労働力として生まれ、労働力として使われ、労働力として消えるはずの存在だった。


名前など、必要ない。

個など、与えられない。

彼はただの“記号”だった。


――そのはずだった。


その日、猫二が言った。


「おまえ、名前ほしいか?」


15エトスは理解できなかった。


「……名前、とは……?」


猫二は尻尾を揺らしながら笑った。


「個体識別票だよ。呪いとも言うけどな」


15エトスは首をかしげた。


「呪い……?」


「名前を持つってことは、“おまえ”が“おまえ”になるってことだ。
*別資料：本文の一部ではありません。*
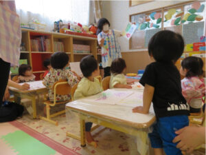 保育者がお話をはじめると興味津々にきく子どもたち。

逃げられなくなる」


猫二は、

まるで世界の理を弄ぶように言った。


「よし、今日からおまえは――」


猫二は三つの候補を掲げた。


オニオン新玉2世


ネギアンギャ―


カワムキ


15エトスは震えた。


「……どれも……呪いでは……?」


猫二は笑った。


「そうだよ。名前ってのは、だいたい呪いだ」


15エトスは、その瞬間に理解した。


自分は今日、“記号”から“個”へと変わる。


それは祝福であり、同時に逃れられない呪い。


猫二は宣言した。


「今日からおまえは――オニオン新玉2世だ」


その瞬間、15エトスは“産声”を上げた。


社畜としての産声を。


「……わたしは……オニオン……新玉……2世……?」


猫二は満足げに頷いた。


「そうだ。おまえは今日から“二世”だ。初代が誰かは知らん」


世界が、ほんの少しだけ歪んだ。


そして、“オニオン新玉2世”は誕生した。


それは祝福であり、呪いであり、そして――

彼が“超新人”と呼ばれる未来へ続く

最初の一歩だった。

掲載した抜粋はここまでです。